** Exercise instructions **
No pictures go into the copy. Write out exactly the lines below from the one containing "Holographic Rainbow Lips" through the one containing "- المنطقة المنعكسة".

##### Exercise inputs

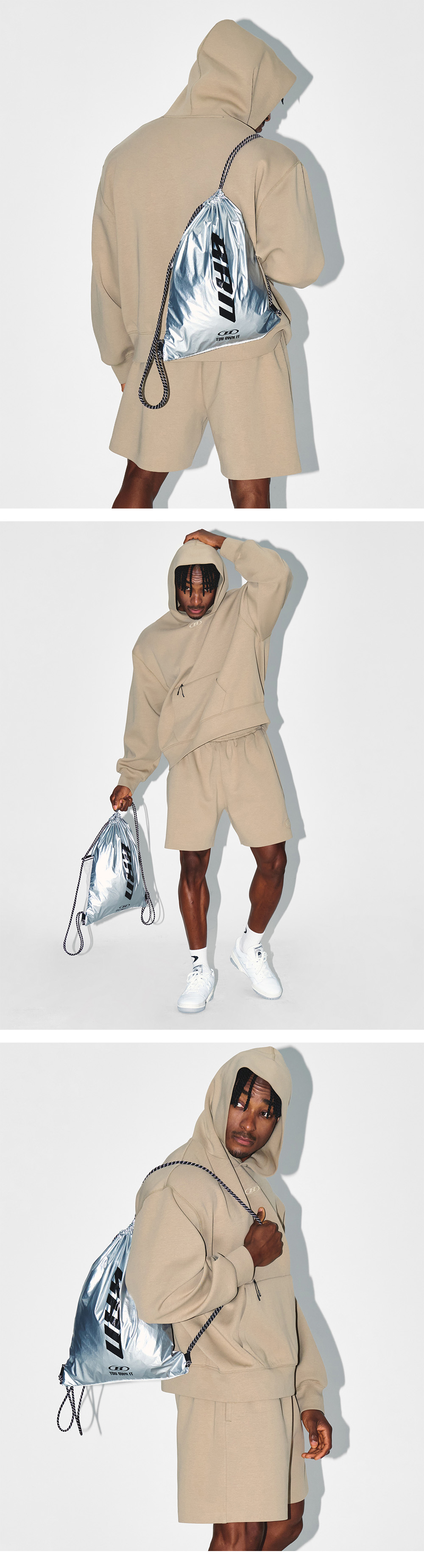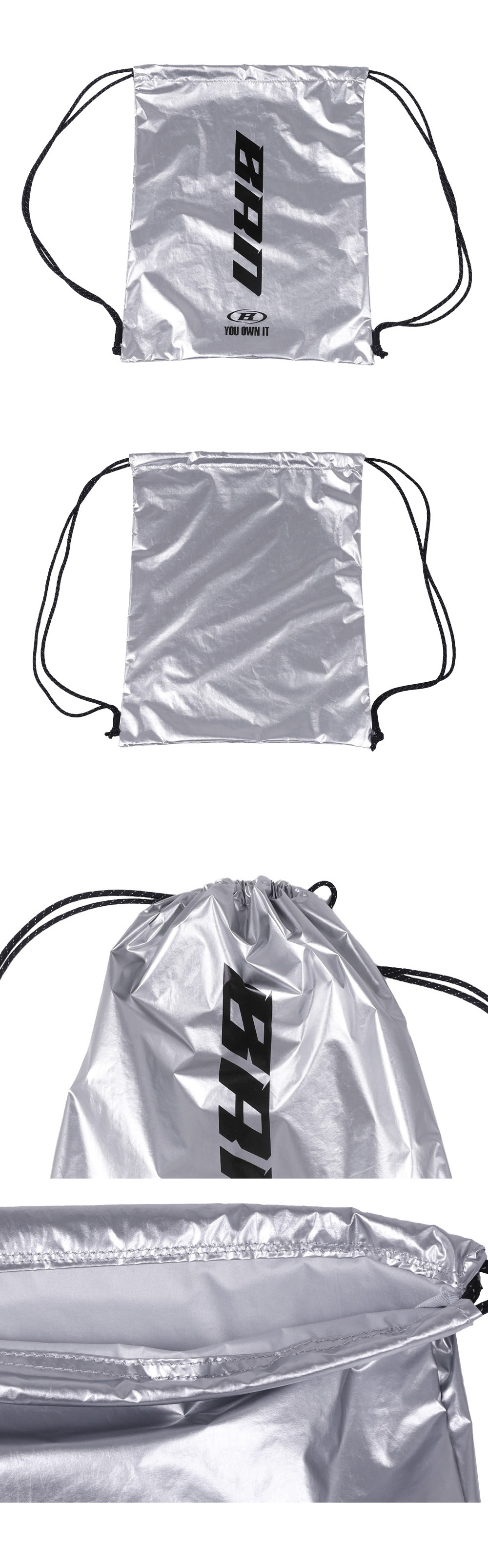 [DETAILS] *글로시 드로스트링 짐 색 - 실버 코팅 나일론 원단 - BRN 로고 프린팅 - 3M 리플렉티브 스트링 Material : Nylon 100% (Polyurethane Coated) [SIZE GUIDE] (Unit : cm) F : Width 34.5 / Height 44.5 Fitting : EM F Size, 182cm, 87kg
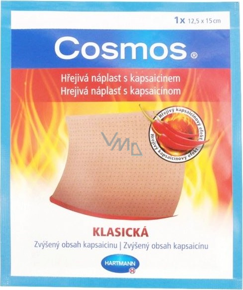 Doporučení: Pokud vás tato náplast příliš hřeje, vyzkoušejte náplast Cosmos Hřejivá náplast s kapsaicinem jemná. Tato náplast má snížený obsah kapsaicinu.
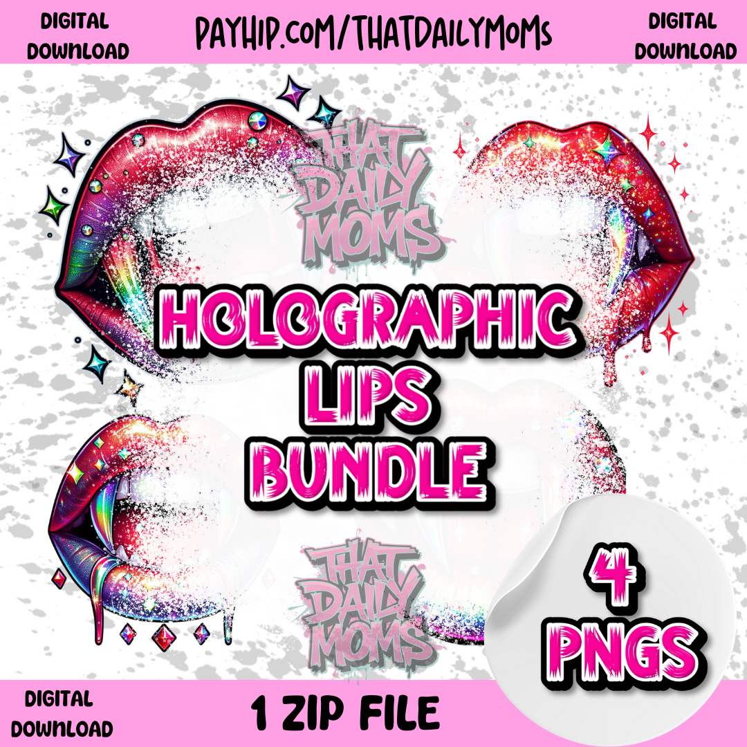 Holographic Rainbow Lips Bundle | PNG | Digital Download
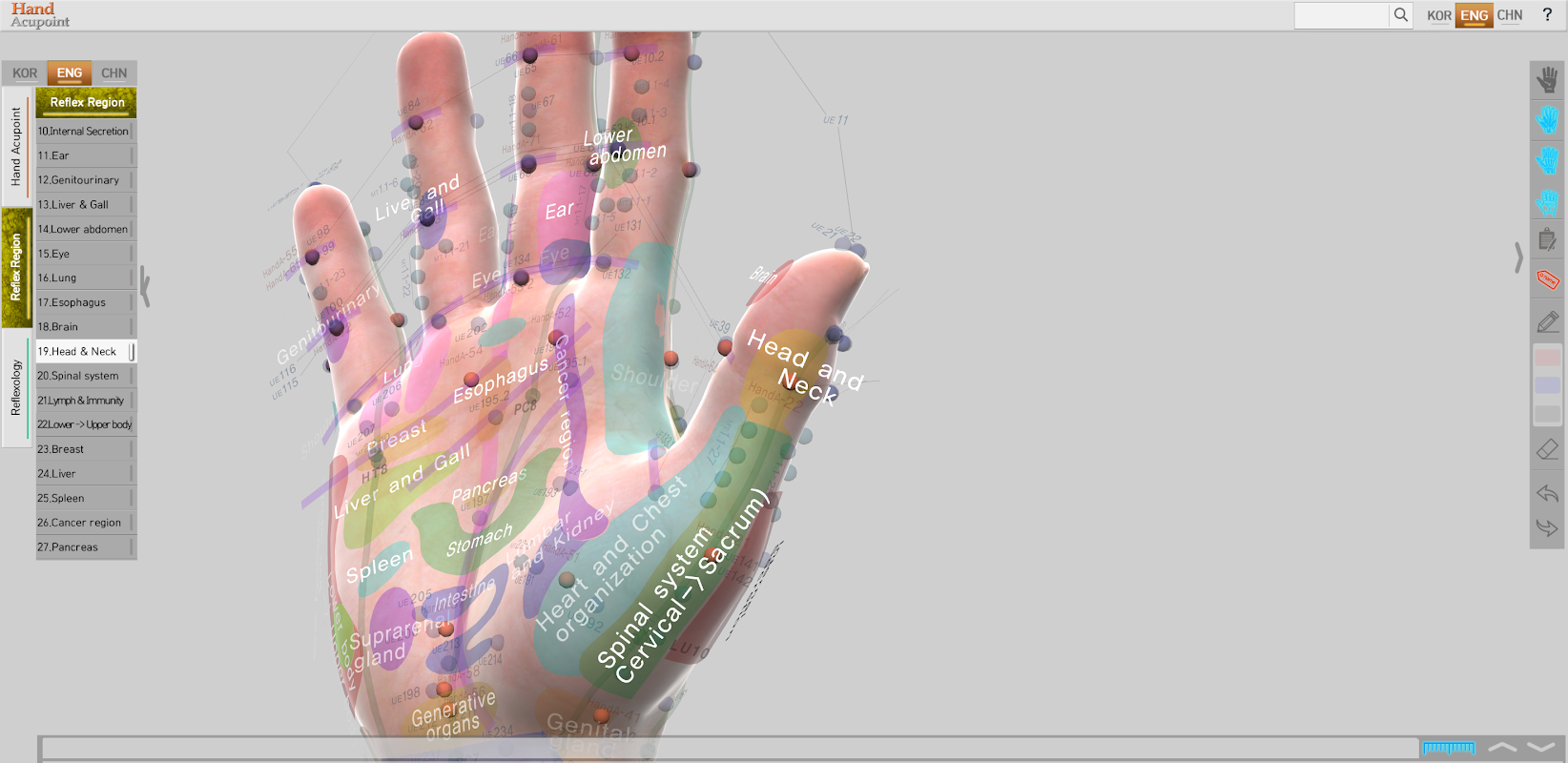 - المنطقة المنعكسة التي تم استخدامها كأساس للتشخيص في علاج الوخز بالإبر التقليدي لليد تم ترتيبها أيضًا بشكل ثلاثي الأبعاد. يتم أيضًا ترتيب مخطط Reflexoloy المستخدم كأساس لأشكال التشخيص والعلاج الأخرى بشكل ثلاثي الأبعاد. يمكنك مقارنة المنطقة المنعكسة للشكل التقليدي مع مخطط Reflexoloy للنظريات الأخرى ثلاثية الأبعاد، ويمكنك أيضًا مقارنة نقاط الوخز اليدوية ثلاثية الأبعاد.
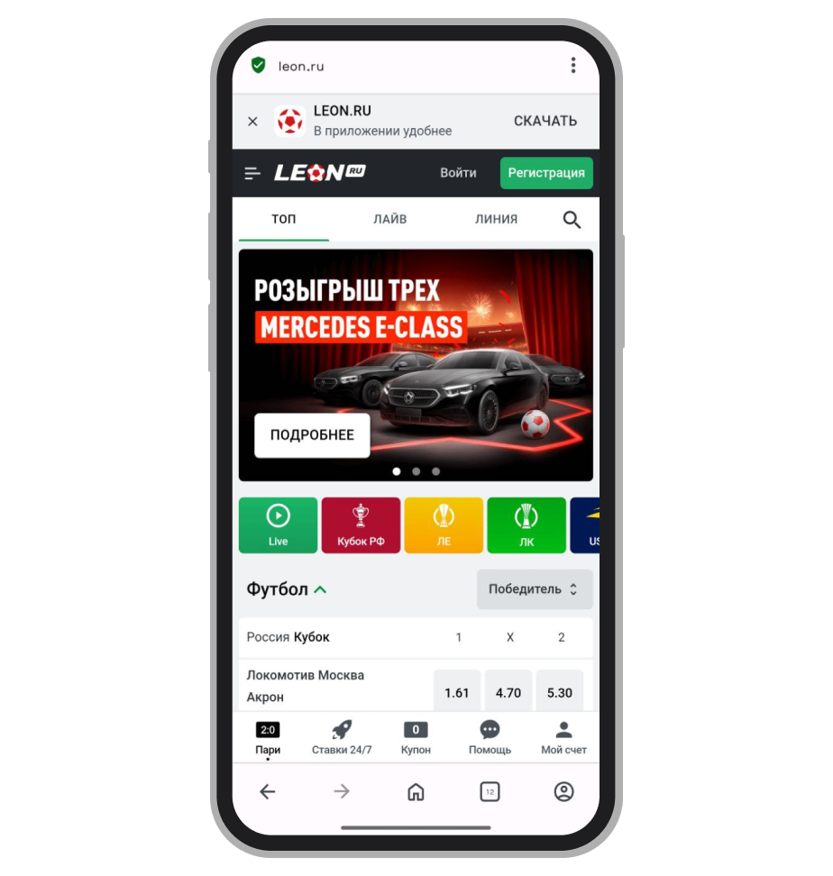 Ставки с телефона или планшета можно делать и на мобильной версии сайта БК «Леон». Сайт автоматически распознает операционную систему устройства и предлагает скачать мобильное приложение. Приложение, как и мобильная версия сайта, сохраняет весь основной функционал. Оно доступно как на iOS, так и на Android. На стартовой странице размещена информация по ставкам Live.

##########

** Completed exercise **
 Holographic Rainbow Lips Bundle | PNG | Digital Download
 - المنطقة المنعكسة التي تم استخدامها كأساس للتشخيص في علاج الوخز بالإبر التقليدي لليد تم ترتيبها أيضًا بشكل ثلاثي الأبعاد. يتم أيضًا ترتيب مخطط Reflexoloy المستخدم كأساس لأشكال التشخيص والعلاج الأخرى بشكل ثلاثي الأبعاد. يمكنك مقارنة المنطقة المنعكسة للشكل التقليدي مع مخطط Reflexoloy للنظريات الأخرى ثلاثية الأبعاد، ويمكنك أيضًا مقارنة نقاط الوخز اليدوية ثلاثية الأبعاد.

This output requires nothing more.